##### DATA PROVIDED #####

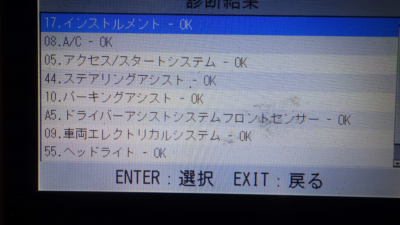 テスターにて故障コードの確認と、サービスのリセットを実施しています。
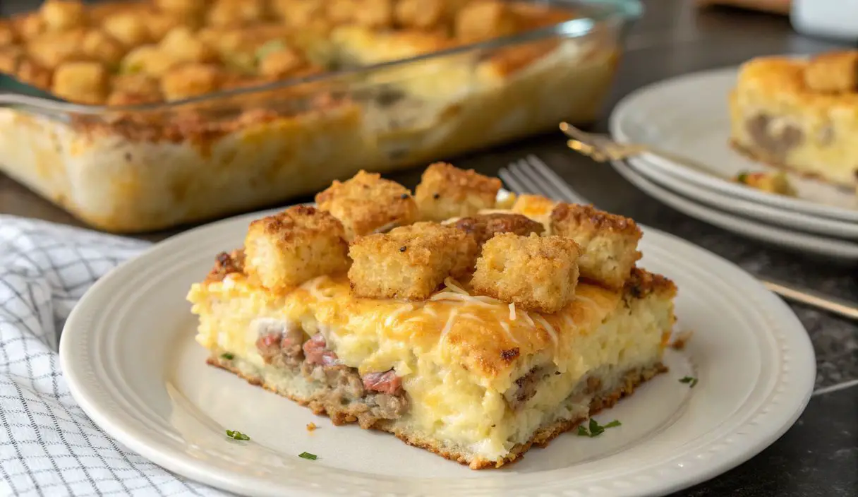 A comforting and delicious breakfast casserole with sausage, cream cheese, and tater tots, a modern twist on a familiar flavor.
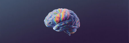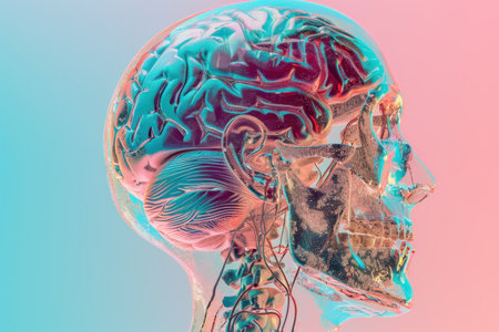 This stunning 3D visualization showcases a human brain with vibrant neural pathways, highlighting complex structures and illustrating cognitive functions and connections.
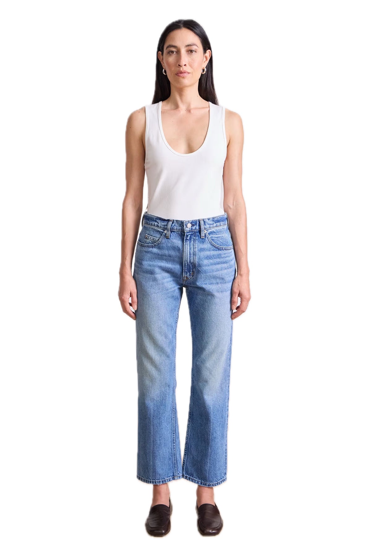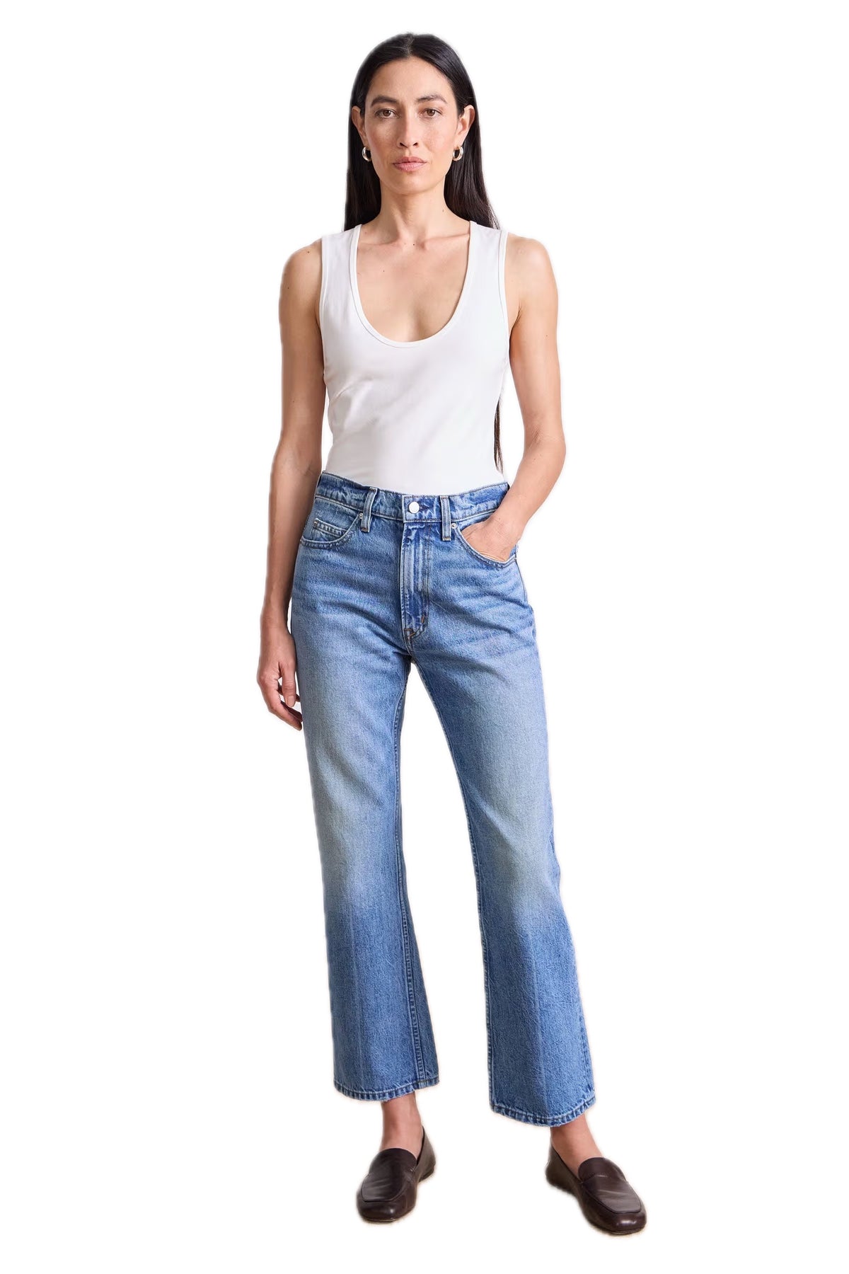 - Mid rise, ankle length, cropped kick flare, belt loops
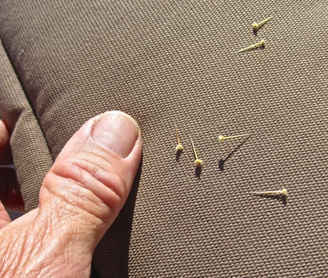 Most were fully embedded right to the flower tip. Looks to be between 1/2 – 3/4 of an inch.  Poor puppy.  I had an analgesic antibiotic that I sprayed onto her foot ( the entry points were bleeding just a tiny bit ). She than lay for over an hour next to Colin under piles of blankets and dozed off and on.
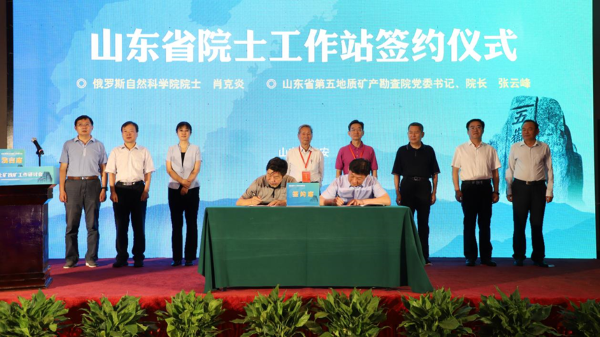 会议还举行了山东省院士工作站签约仪式,山东地矿五院党委书记、院长张云峰与肖克炎院士共同签署《山东省院士工作站共建协议》。
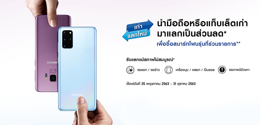 ไม่เพียงเท่านั้น ซัมซุงยังมอบความพิเศษกับโปรแกรม "เก่าแลกใหม่" โดยสามารถนำมือถือหรือแท็บเล็ตเก่ายี่ห้อใดรุ่นใดก็ได้ที่ร่วมรายการ มาแลกรับส่วนลดสูงสุดถึง 18,500 บาท* เมื่อซื้อสมาร์ทโฟนหรือแท็บเล็ตกาแลคซี่เครื่องใหม่ ไม่ว่าจะเป็น Galaxy Tab, Galaxy Note Series, Galaxy S Series, และ Galaxy A Series ตั้งแต่วันนี้จนถึง 31 สิงหาคม 2563 งานนี้กาแลคซี่แฟนห้ามพลาด!
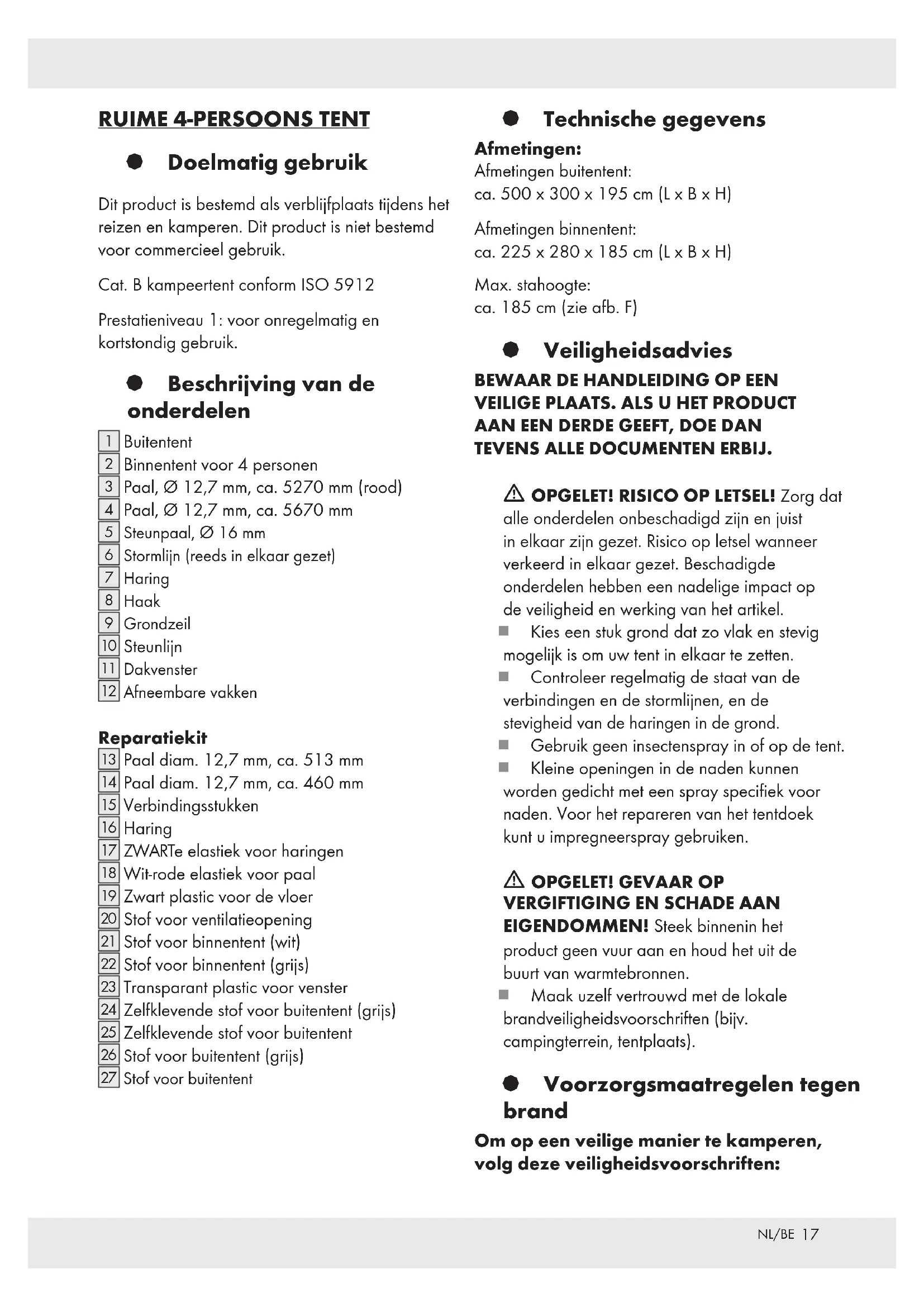 TEVENS ALLE DOCUMENTEN ERBIJ. m OPGELET! RISICO OP LETSEL! Zorg dat alle onderdelen onbeschadigd zijn en juist in elkaar zijn gezet. Risico op letsel wanneer verkeerd in elkaar gezet. Beschadigde onderdelen hebben een nadelige impact op de veiligheid en werking van het artikel. Kies een stuk grond dat zo vlak en stevig mogelijk is om uw tent in elkaar te zetten. Controleer regelmatig de staat van de verbindingen en de stormlijnen, en de stevigheid van de haringen in de grond. Gebruik geen insectenspray in of op de tent. Kleine openingen in de naden kunnen worden gedicht met een spray specifiek voor naden. Voor het repareren van het tentdoek kunt u impregneerspray gebruiken. m OPGELET! GEVAAR OP
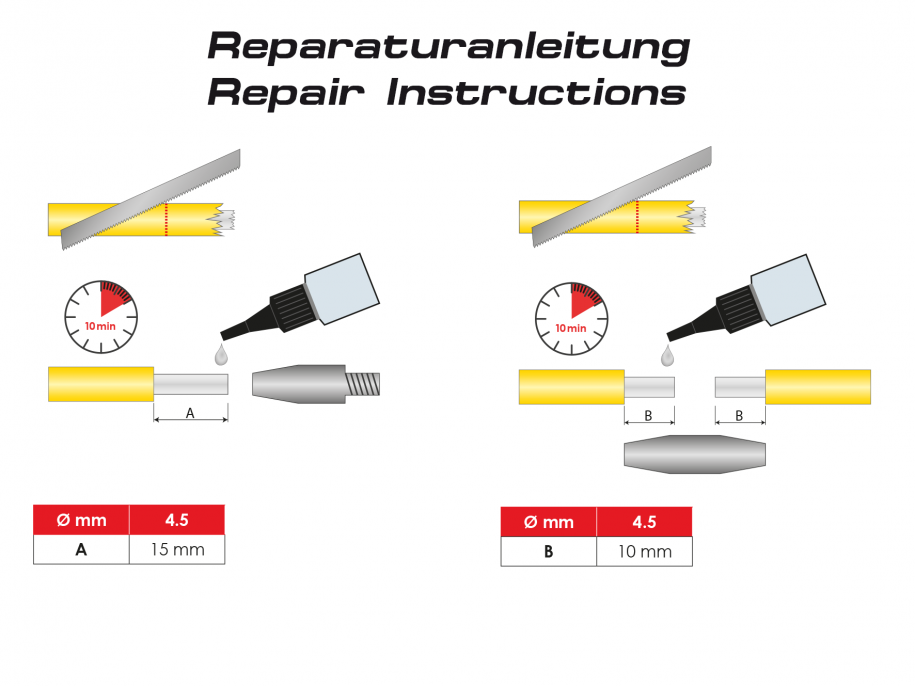 4-delige set voor het repareren van glasvezelprofielen. Alle reserveonderdelen zijn gemaakt van hoogwaardig RVS. De speciale lijm is transparant, heeft een zeer hoge weerstand en 20% meer kleefkracht als vergelijkbare lijmen.
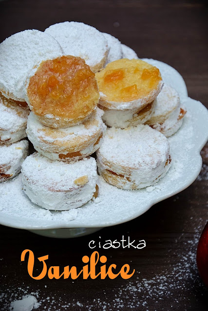 Kruchuteńkie, delikatne i rozpływające się w ustach ciastka, przełożone marmoladą lub konfiturą i suto obtoczone w cukrze pudrze… Naprawdę nie sposób im się oprzeć! 🙂 Jak zaznacza autorka, ciasteczka te są tradycyjnym serbskim przysmakiem, który przygotowuje się nie na maśle czy margarynie, ale na smalcu. Zważywszy jednak na to, że
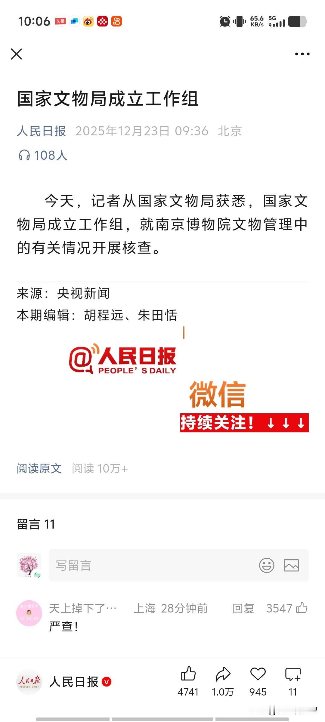 国家周文物局出手,蛀虫无处遁形! 近日,南京博物馆事件引发舆论哗然,国家文物局今日宣布介入调查,释放出明确信号:谁敢拿祖宗的文化遗产做交易,谁就要付出惨痛代价! 文物是国家记忆的载体,民族精神的根脉。然而少数“内鬼”却将博物馆当成自家金库,把千年珍宝视为个人提款机。 那些隐藏在阴影里的交易者、那些利用职权中饱私囊的驻虫该清醒了——当国家重拳落下时,没有任何保护伞能遮住你们的罪行。南京国家文物 南京博物馆拍卖 国家文物保护法 国家文物尊重 南京博物馆

#####

▶ [WHAT TO DO]
All of the records need repeating exactly, except for the pictures.

▶ [ANSWER AREA]
 テスターにて故障コードの確認と、サービスのリセットを実施しています。
 A comforting and delicious breakfast casserole with sausage, cream cheese, and tater tots, a modern twist on a familiar flavor.
 This stunning 3D visualization showcases a human brain with vibrant neural pathways, highlighting complex structures and illustrating cognitive functions and connections.
 - Mid rise, ankle length, cropped kick flare, belt loops
 Most were fully embedded right to the flower tip. Looks to be between 1/2 – 3/4 of an inch.  Poor puppy.  I had an analgesic antibiotic that I sprayed onto her foot ( the entry points were bleeding just a tiny bit ). She than lay for over an hour next to Colin under piles of blankets and dozed off and on.
 会议还举行了山东省院士工作站签约仪式,山东地矿五院党委书记、院长张云峰与肖克炎院士共同签署《山东省院士工作站共建协议》。
 ไม่เพียงเท่านั้น ซัมซุงยังมอบความพิเศษกับโปรแกรม "เก่าแลกใหม่" โดยสามารถนำมือถือหรือแท็บเล็ตเก่ายี่ห้อใดรุ่นใดก็ได้ที่ร่วมรายการ มาแลกรับส่วนลดสูงสุดถึง 18,500 บาท* เมื่อซื้อสมาร์ทโฟนหรือแท็บเล็ตกาแลคซี่เครื่องใหม่ ไม่ว่าจะเป็น Galaxy Tab, Galaxy Note Series, Galaxy S Series, และ Galaxy A Series ตั้งแต่วันนี้จนถึง 31 สิงหาคม 2563 งานนี้กาแลคซี่แฟนห้ามพลาด!
 TEVENS ALLE DOCUMENTEN ERBIJ. m OPGELET! RISICO OP LETSEL! Zorg dat alle onderdelen onbeschadigd zijn en juist in elkaar zijn gezet. Risico op letsel wanneer verkeerd in elkaar gezet. Beschadigde onderdelen hebben een nadelige impact op de veiligheid en werking van het artikel. Kies een stuk grond dat zo vlak en stevig mogelijk is om uw tent in elkaar te zetten. Controleer regelmatig de staat van de verbindingen en de stormlijnen, en de stevigheid van de haringen in de grond. Gebruik geen insectenspray in of op de tent. Kleine openingen in de naden kunnen worden gedicht met een spray specifiek voor naden. Voor het repareren van het tentdoek kunt u impregneerspray gebruiken. m OPGELET! GEVAAR OP
 4-delige set voor het repareren van glasvezelprofielen. Alle reserveonderdelen zijn gemaakt van hoogwaardig RVS. De speciale lijm is transparant, heeft een zeer hoge weerstand en 20% meer kleefkracht als vergelijkbare lijmen.
 Kruchuteńkie, delikatne i rozpływające się w ustach ciastka, przełożone marmoladą lub konfiturą i suto obtoczone w cukrze pudrze… Naprawdę nie sposób im się oprzeć! 🙂 Jak zaznacza autorka, ciasteczka te są tradycyjnym serbskim przysmakiem, który przygotowuje się nie na maśle czy margarynie, ale na smalcu. Zważywszy jednak na to, że
 国家周文物局出手,蛀虫无处遁形! 近日,南京博物馆事件引发舆论哗然,国家文物局今日宣布介入调查,释放出明确信号:谁敢拿祖宗的文化遗产做交易,谁就要付出惨痛代价! 文物是国家记忆的载体,民族精神的根脉。然而少数“内鬼”却将博物馆当成自家金库,把千年珍宝视为个人提款机。 那些隐藏在阴影里的交易者、那些利用职权中饱私囊的驻虫该清醒了——当国家重拳落下时,没有任何保护伞能遮住你们的罪行。南京国家文物 南京博物馆拍卖 国家文物保护法 国家文物尊重 南京博物馆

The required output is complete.